Na ocasião, traçaram inclusive regra de conduta a ser observada pelos tribunais do trabalho, de se proceder, com mais rigor, à investigação se a inadimplência da empresa contratada por meio de licitação pública teve como causa principal a falha ou a falta de fiscalização pelo órgão público contratante.

A partir dessa quase admoestação da Suprema Corte, o Tribunal Superior do Trabalho houve por bem transferir a redação do item IV da Súmula 331 para o item V desse precedente, dando-lhe redação que refletisse o posicionamento dos Ministros do STF.

Efetivamente, o item V da Súmula 331 passou a preconizar, in verbis:

Os entes integrantes da Administração Pública direta e indireta respondem subsidiariamente, nas mesmas condições do item IV, caso evidenciada a sua conduta culposa no cumprimento das obrigações da Lei n. 8.666, de 21.06.1993, especialmente na fiscalização do cumprimento das obrigações contratuais e legais da prestadora de serviço como empregadora. A aludida responsabilidade não decorre de mero inadimplemento das obrigações trabalhistas assumidas pela empresa regularmente contratada.

Compulsando esse precedente, percebe-se, sem desusada perspicácia, que a responsabilização subsidiária da Administração Pública tem por pressuposto a comprovação da sua conduta culposa ao se demitir do dever de fiscalizar o cumprimento das obrigações trabalhistas da empresa prestadora de serviços.

Em outras palavras, impõe-se extrair da decisão do Regional elementos de prova de que a Administração Pública deixou de observar o dever de fiscalização dos direitos trabalhistas devidos aos empregados da empresa prestadora de serviços, uma vez que o seu chamamento à responsabilização subsidiária repousa na sua responsabilidade subjetiva e não objetiva.

Diante da fundamentação do acórdão recorrido sobressai a certeza de ele estar em consonância com a decisão prolatada na ADC 16/2007, publicada no DJe de 9/9/2011, cuja eficácia erga omnes e efeito vinculante, previstos no artigo 102, § 2º, da Constituição, implicam a inadmissão do recurso de revista.

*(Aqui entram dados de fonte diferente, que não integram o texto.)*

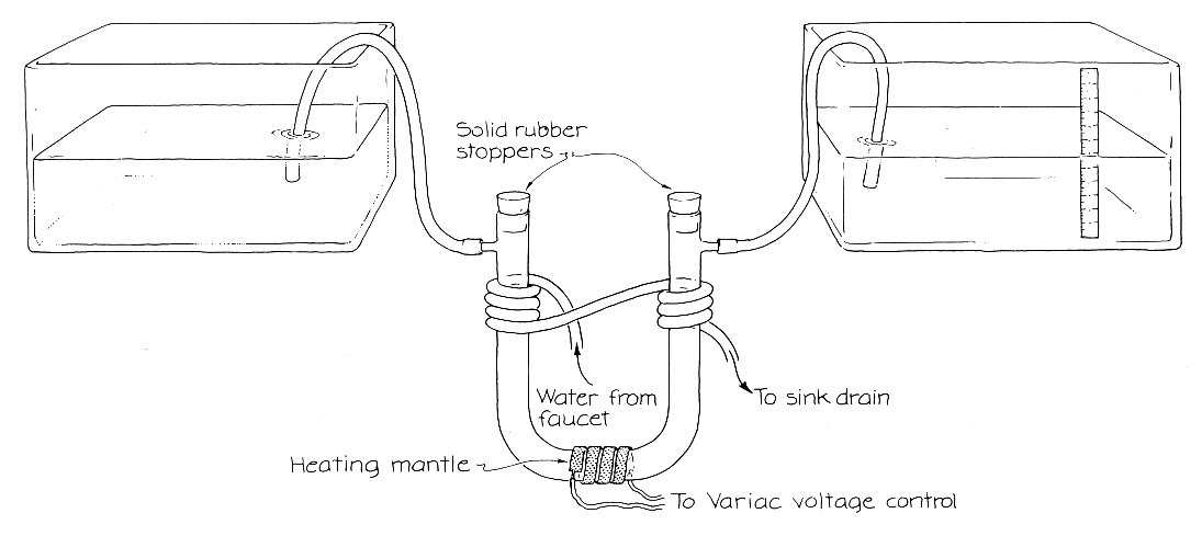 The dimensions of the system are critical to the onset of oscillation. The top surface area of each container must be larger than the cross-sectional area of the tube by an amount that is related to the temperature distribution in the water. The ratio of the area of a container to the area of the tube must exceed 5,000 divided by the maximum temperature difference (in degrees Celsius) that is set up in the water by the heating and cooling. For example, if the system gives rise to a temperature difference of 50 degrees C., the top surface area of the container should be at least 100 times larger than the cross-sectional area of the tube. A smaller temperature difference demands an even larger ratio of the areas. If the containers are unusually large, of course, the oscillation of the water levels may be difficult to perceive. The requirement for the relative sizes of the areas arises from the interplay of pressure on the central volume at the bottom of the U-tube. Suppose the initial disturbance from the environment moves a small amount of water to the right. The resulting asymmetry in temperature tends to drive more water to the right. This flow is countered by the difference in water levels on the two sides. If the top surface area of the containers is too small, the flow immediately creates a difference in water levels that is more than enough to stop the flow resulting from the asymmetry in temperature. Equilibrium is quickly reestablished. If oscillation is to begin, the top surface area of the containers must be relatively large. That way the flow driven by the temperature asymmetry does not immediately yield a large difference in water levels. The flow has time to develop. The period of oscillation is set by the relative areas of the containers and the tube, the length of the tube, the viscosity of the water and the acceleration of gravity. An apparatus similar to Welander's can be made by fusing glass containers on top of a U-tube. Since the tube should be Pyrex to preclude its shattering from being heated and cooled, fusing containers onto the tube seemed too difficult to me. I was also worried about how to mount such a delicate system so that it would stay upright. I chose a U-tube with side arms near the top. Short lengths of rubber hose connected the arms to plastic containers I took from my kitchen. The containers were identical; the top surface area of each one was about 200 times the cross-sectional area of the U-tube. I taped a transparent ruler to the inside of one container so that I could monitor the water level. The U-tube and about half of each container were filled with water. Around the bottom of the U-tube I wrapped a heating mantle of the type that can be found among the supplies of a standard chemical laboratory. This mantle contains a high-resistance electrical wire that supplies heat. I plugged it into a Variac voltage control so that I could regulate the amount of heat applied to the tube. (I took great pains to make sure there would be no sudden leak that would let water reach the electrical line.)
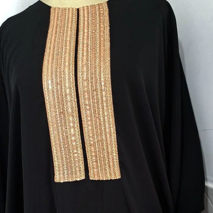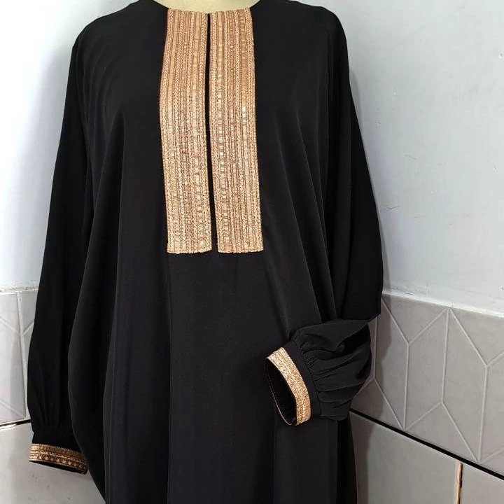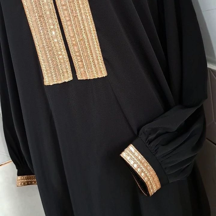شناسه: #99869 s 🌹نام: عبا طلاکوب ✅سایزبندی:فری تا50 ✅قد کار 135 ✅دورسینه:130 قد استین حدود 60 دور بازو حدود 44 ✅دارای بند تنظیم 🌹جنس: الیزه درجه یک 🌹رنگ بندی: مشکی

Vale ressaltar que para adotar-se conclusão diversa, reconhecendo a pretensa contrariedade à Súmula nº 331 desta Corte e violação dos dispositivos indicados no apelo, ante a assertiva de que teria havido culpa in vigilando da Administração Pública, seria necessário o revolvimento do conjunto fático-probatório dos autos, inviável em recurso de revista a teor da Súmula nº 126/TST.

Quanto aos arestos colacionados, ou são inespecíficos, por partirem de premissa diversa da consignada no acórdão regional, consubstanciada na efetiva ausência de fiscalização, e no ônus da prova, aspecto sequer examinado pelo Colegiado, atraindo a incidência da Súmula nº 296, I, do TST, ou estão superados pela Súmula nº 331, V, desta Corte, na esteira do § 4º do artigo 896 da CLT.

Do exposto, com fundamento no Ato nº 310/SETPOEDC.GP, de 19 de maio de 2009, referendado pela Resolução Administrativa nº 1.340/2009, denego seguimento ao agravo de instrumento.

Publique-se.

Brasília, 08 de setembro de 2014.

Firmado por Assinatura Eletrônica (Lei nº 11.419/2006)

MINISTRO BARROS LEVENHAGEN

Presidente do TST


fls.

PROCESSO Nº TST-AIRR-420-56.2012.5.06.0013



Firmado por assinatura eletrônica em 08/09/2014 pelo Sistema de Informações Judiciárias do Tribunal Superior do Trabalho, nos termos da Lei nº 11.419/2006.